Atualmente, a quantia é de R$ 1,3 mil e, na sexta-feira (20), o Conselho da Magistratura apresentou um projeto para aumentar esse valor para R$ 2,6 mil. Esse valor seria pago só uma vez, no final do ano.

No entanto, por causa do recesso, o projeto proposto pelo corregedor-geral de Justiça, José Zuquim Nogueira, só deve votado em janeiro. Além dele, o conselho é comporto pelo presidente do TJ e pelo vice-presidente.

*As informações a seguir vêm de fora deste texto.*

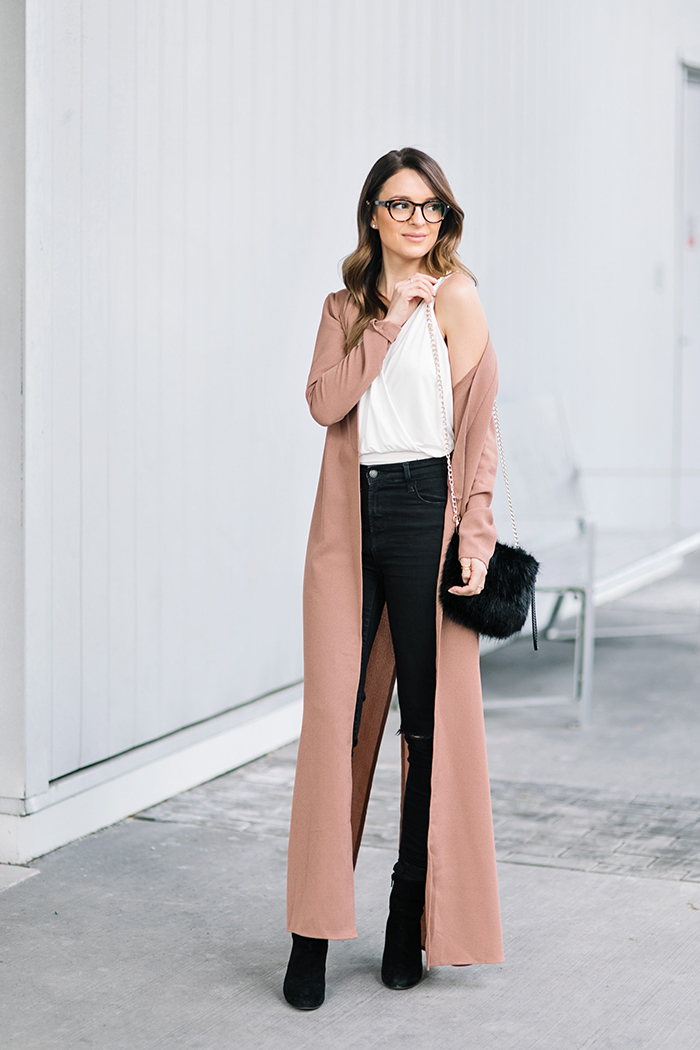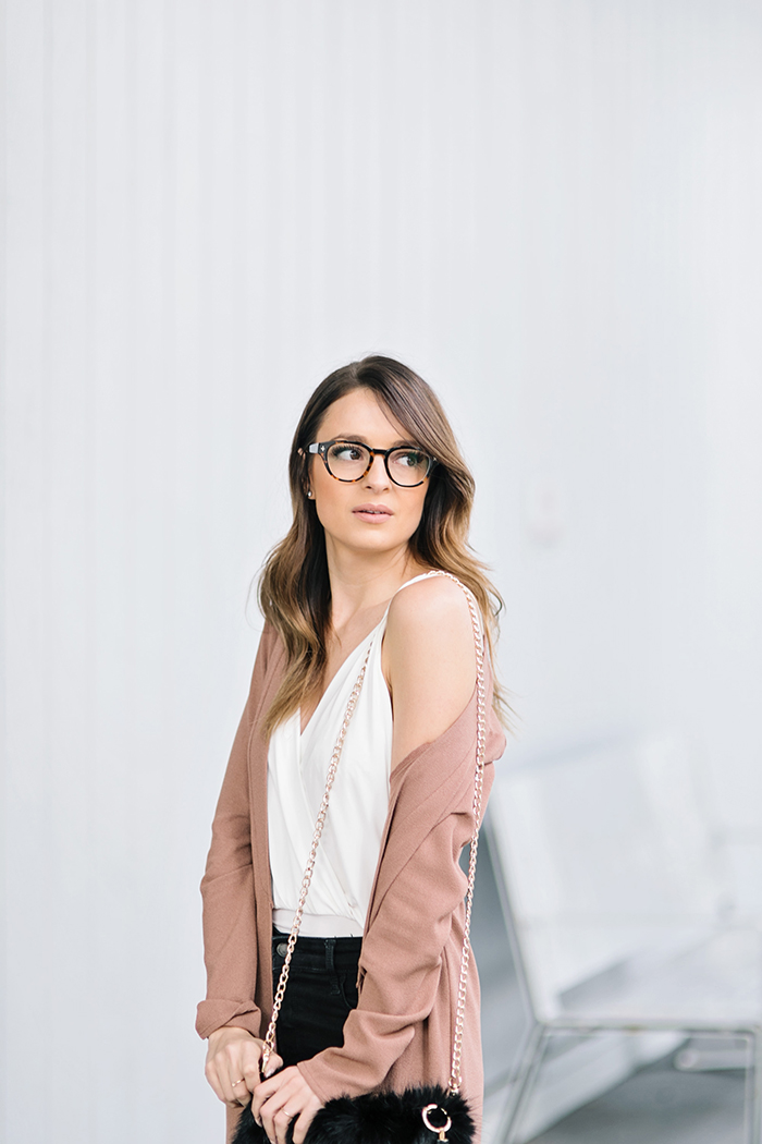 Glasses: c/o Clearly.ca | Cardi: c/o Windsor | Bodysuit: Boohoo | Jeans: similar | Bag: c/o Windsor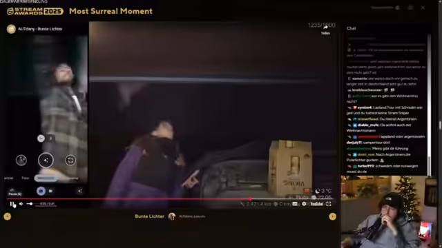 03:30:32Die Kategorie "Most Surreal Moment" zeigte Clips wie "Magie von Skyline" und "Electric Callboy-Überraschung". Ein Magiertrick mit einer fallenden Karte, die durch ein Fenster fiel, wurde als "krass" und "geil gemacht" bewundert, auch wenn der Mechanismus dahinter (ein Magnet) entschlüsselt wurde. Der Streamer sprach über die Dualität, Magie genießen zu wollen, aber gleichzeitig wissen zu wollen, wie sie funktioniert. Ein weiterer surrealer Moment waren die Polarlichter, die im Stream gezeigt wurden. Der Streamer äußerte den Wunsch, diese einmal live in Lappland zu sehen, da er dies als ein "geiles Naturphänomen" und ein "geisteskrank geiles" Erlebnis empfand. Er votierte für die Polarlichter, da er es "echt geil fand, dass die das so einfach im Stream auf Kamera hatten".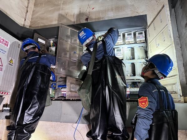 6月22日,南方電網(wǎng)廣西欽州供電局與桂林、北海供電局的黨員突擊隊員并肩作戰(zhàn),為桂林市萬達翰林府小區(qū)群眾接入應(yīng)急電源。王代高攝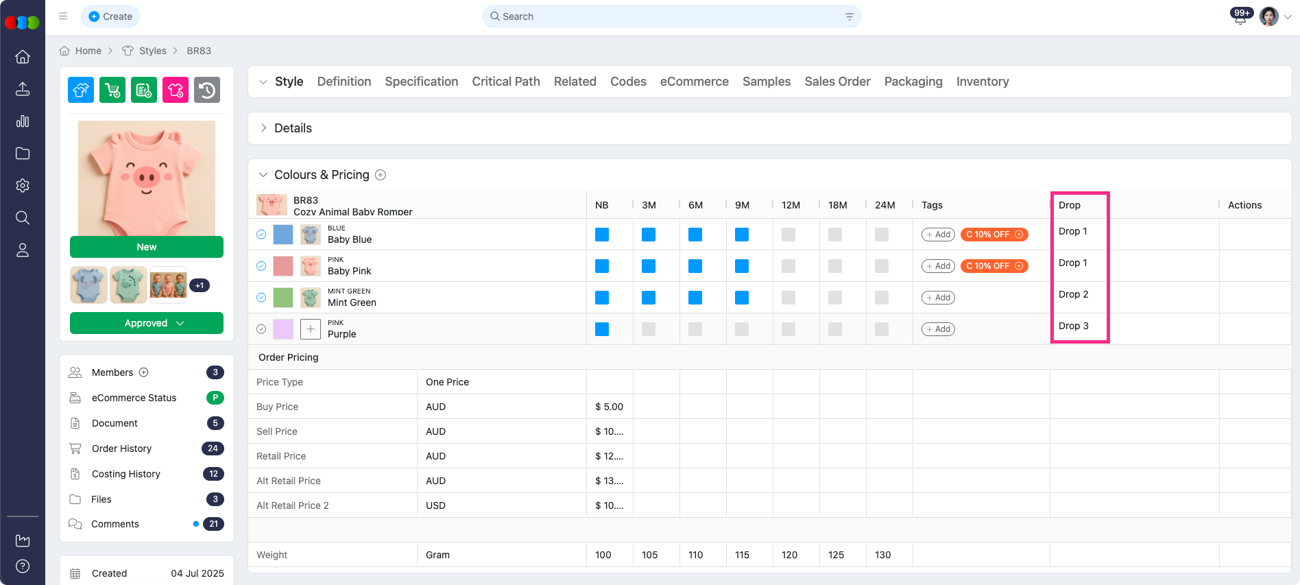 Style > Colours & Pricing > Drop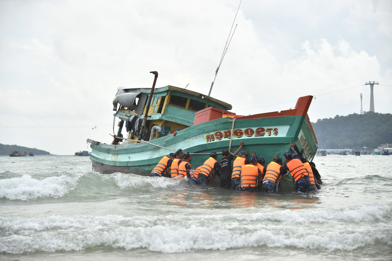 Cán bộ, chiến sĩ Lữ đoàn 127 cứu kéo tàu cá ngư dân bị mắc cạn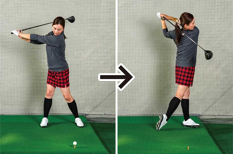 このときに上体が右に流れないように注意。カラダの軸を真っすぐにキープして回すようにすることです。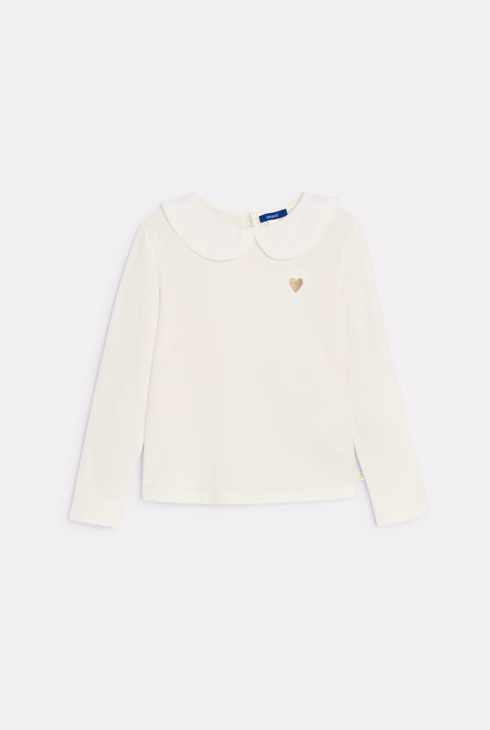 T-Shirt lange Ärmel Bubikragen weiß Mädchen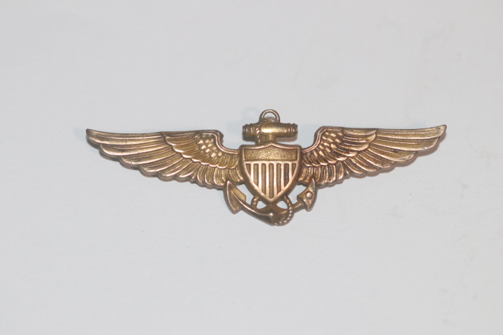 WW2 US NAVY USN STERLING SILVER GOLD PLATED PILOT WING BADGE
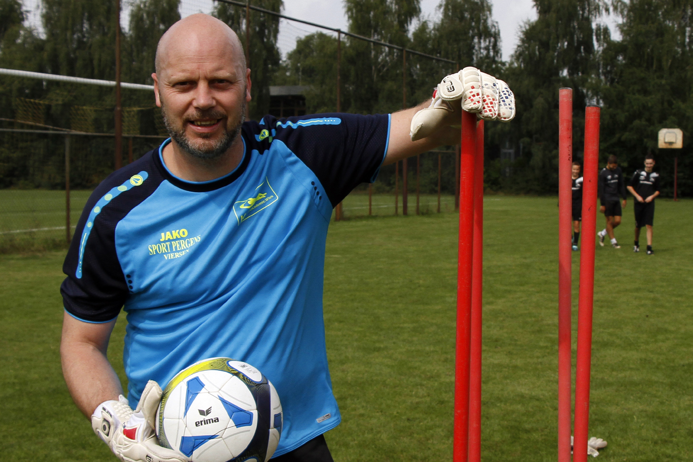 Middenin een geestdriftig gesprek over keepen wordt het muisstil op de trap van het clubhuis van VV Belfeldia. Chris Wiek krijgt kippenvel, ‘Gänsehaut’. De naam Robert Enke is gevallen. Dochter Kimi staakt ook abrupt haar deelname aan de conversatie. Het groene Borussia Mönchengladbach tenue, de vijftienjarige keepster draagt de outfit fier, zegt veel over haar toekomst en de achtergrond van haar vader. Chris werd in 1976 geboren in Viersen. Een stad in deelstaat Noordrijn-Westfalen, met nu ruim 75.000 inwoners, vlakbij Mönchengladbach. Vanaf het moment dat hij een bal kan trappen, gebruikt onze Oosterbuur z’n handen: “Toen ik als kleine jongen ging voetballen, ben ik meteen gaan keepen. Ik heb nooit iets anders willen doen. Keepers waren fantastisch. Altijd van die opvallende types. Dat sprak mij aan.”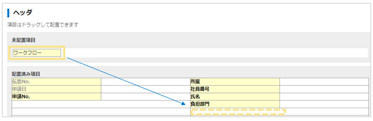 - 「ワークフロー」は申請画面のヘッダ項目としてのみ配置が可能です。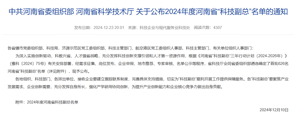 (通讯员 闫科润)根据《河南省“科技副总”三年行动计划(2024-2026年)》(豫科〔2024〕75号)精神,哔咔漫画 积极响应学校安排,认真开展2024年度河南省“科技副总”申报工作,经教师个人申报,属地科技管理部门初审合格后,通过系统推送至省科技厅,省科技厅会同相关部门遴选确定河南省“科技副总”人选。最终,哔咔漫画 共有29名教师被选任为河南省首批“科技副总”,约占全校1/3(91名),申报成效显著。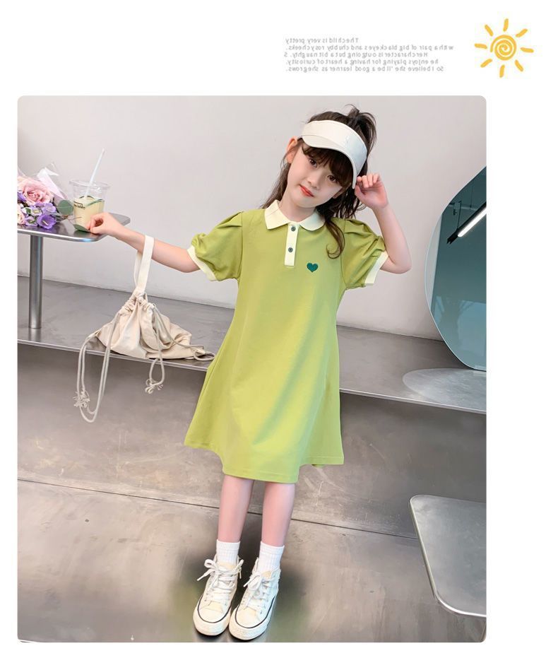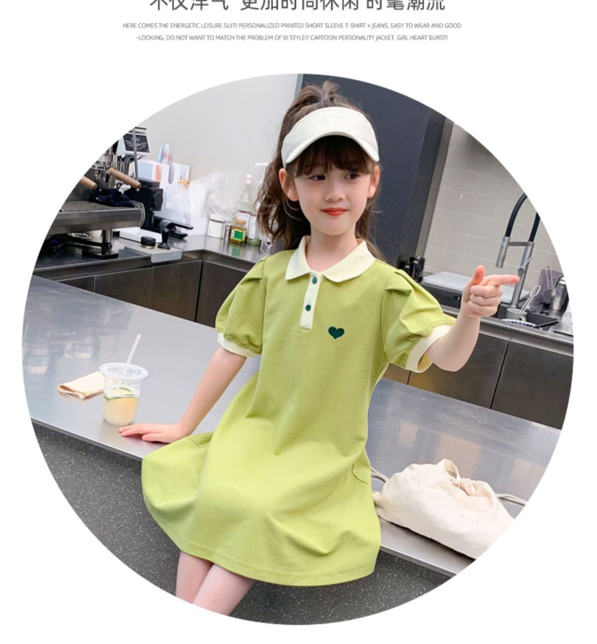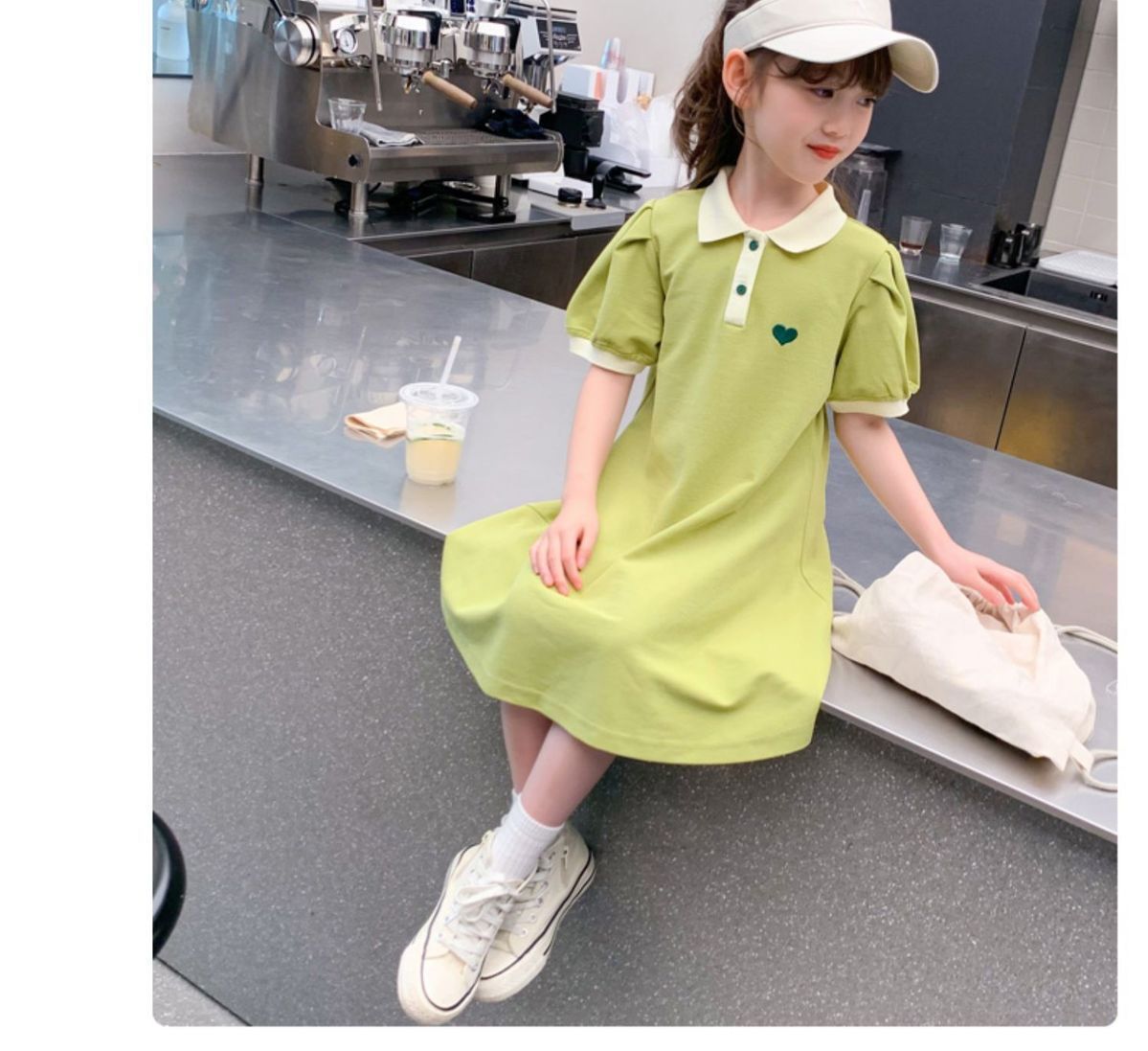 소녀 여름 원피스 사랑 원피스 2025 새로운 어린 소녀 어린이 한국 스타일 티셔츠 원피스 여름 폴로 원피스 트렌디스토어 가기

Se o projeto for aprovado, todos os servidores vão receber o valor retroativo. Nos últimos dois anos foram pagos.

Recomposição salarial e auxílio-alimentação

Existe ainda a possibilidade de aumentar o valor pago de auxílio alimentação a servidores e magistrados do Tribunal de Justiça. O benefício deve passar de R$ 1.150 para R$ 1.430, o que representa cerca de 20%. O valor é o mesmo para magistrados e servidores.

Também já tinha sido apreciada a recomposição dos servidores do Judiciário em dezembro, 7%. Segundo o Judiciário, a partir de janeiro de 2022 haverá uma recomposição da inflação no auxílio alimentação, que não era reajustado desde maio de 2018. Os cálculos da área técnica consideraram o INPC – Índice Nacional de Preços ao Consumidor – acumulado desde então.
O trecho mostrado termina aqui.